Firstly, we study how the removal of events according to a certain order influences the number of overall acquaintances in the network. For this purpose we define a measure η (see Methods), which we use to quantify the percentage of the remaining significant acquaintances after the removal of an event. Fig 5 shows the change of measure η after the removal of a fraction r of events according to a chosen strategy. We see that most of new significant connections are usually made during the largest events. The importance of large events for the creation of new acquaintances is especially striking for the groups GEAM, PGHF, and TECH, where about 80% of acquaintances only met at top 20% of events. For LVHK the decrease is slower, probably due to a difference in the event size fluctuations (see Fig E in S1 File), but still more than 50% of acquaintances disappear if we remove top 40% of events, which is still much higher percentage of contacts compared to random removal of events (see Fig 5 (right)). Similar results are observed when we remove events in the opposite order, Fig 5 (left). Only 20% of acquaintances are being destroyed after the removal of 80% of events, for all four groups. This indicates that new and weak connections are usually formed during large events, while these acquaintances are further strengthen during small meetups. On the other hand, the removal of events according to their temporal order, Fig 5, has very similar effect as random removal, i.e., the value of parameter η decreases gradually as we remove events.
Change of η with removal of events according to their size (left) and temporal and random order (right).
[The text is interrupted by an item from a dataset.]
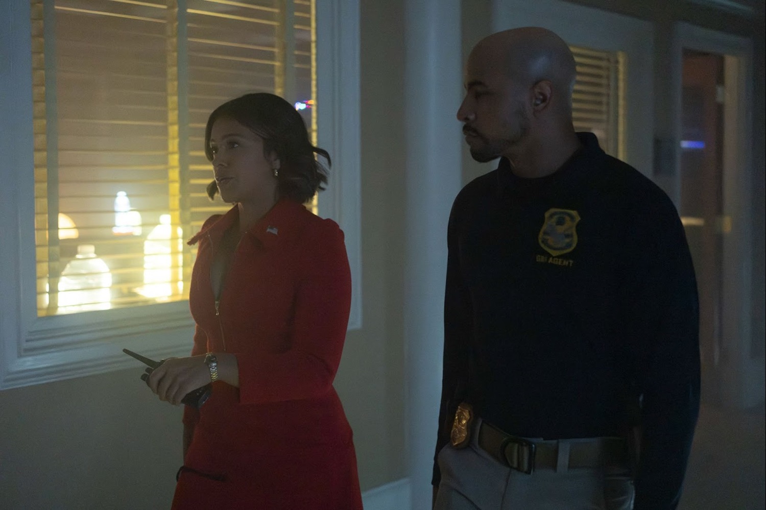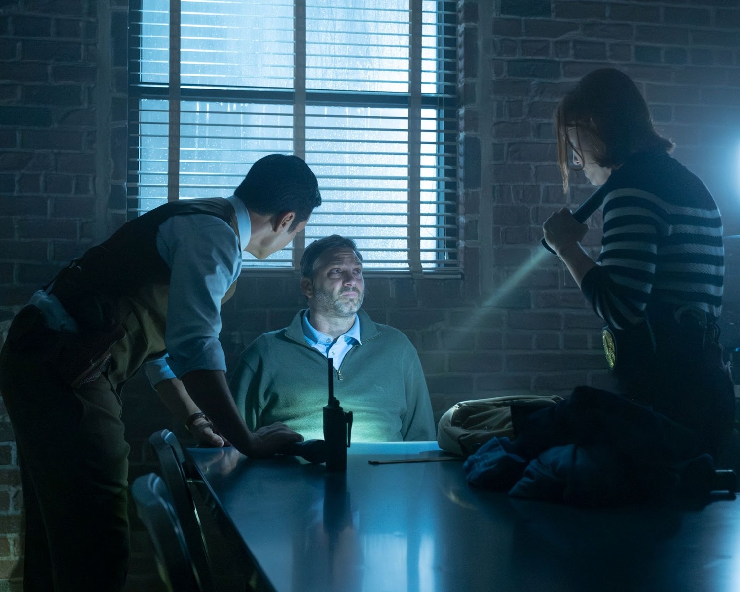 Angie heads to the GBI conference room, finding Will Trent (Ramón Rodríguez) in conversation with Marion Alba (Gina Rodriguez) and Freddy Markovic (Federico Rodriguez). Angie tells them about John’s mother’s notebook mentioning another person present at the time John allegedly raped and murdered his girlfriend. Freddy says the information came in too late on the original case to be used as evidence. Angie notices that Freddy’s eyes twitch sometimes. Marion also points out that this detail wouldn’t absolve John of being a suspect in their current case. Angie sees Will and Marion making flirtatious eyes at each other as he notices that Marion is wearing an American flag pin.

Abbreviations indicate order in which we remove events: b—from the largest to the smallest, s—from the smallest to the largest, f—from the first to the last and r—random.
Similar conclusions can be drawn based on the change of average weighted clustering coefficient 〈CW〉 (now averaged over all nodes in the network) with the removal of events, Fig 6. Removal of events according to decreasing order of their sizes, does not result in the significant change of 〈CW〉. The same value of weighted clustering coefficient, observed even after the removal of 80% of events, shows that small events are not attended by a pair of but rather by a group of old friends. On the other hand, the removal of events in the opposite order results in gradual decrease of 〈CW〉. A certain fraction of triads in networks are made by at least one link of low weight. These links are most likely to vanish after the removal of the largest events, which results in the gradual decrease of 〈CW〉. Removal of events according to their temporal order results in the change of 〈CW〉 similar to one obtained for random removal of events, confirming further that the time ordering of events does not influence the structure of studied networks.
Change of local network cohesiveness with removal of events according to their size (left) and temporal and random order (right). Abbreviations indicate order in which we remove events: b—from the largest to the smallest, s—from the smallest to the largest, f—from the first to the last and r—random.
Discussion and conclusion
In this article we explore the event participation dynamics and underlying social mechanism of the Meetup groups. The motivation behind this was to further explore the event driven dynamics, work we have started by exploring participation patterns of scientists at scientific conferences , and to better examine the social origins behind the repeated attendance at group events, which was not feasible with the conference data. The results in this manuscript are based on empirical analysis of participation patterns and topological characteristics of networks for four different Meetup groups made up of people who have different motives and readiness to participate in group activities: GEAM, PGHF, TECH, LVHK.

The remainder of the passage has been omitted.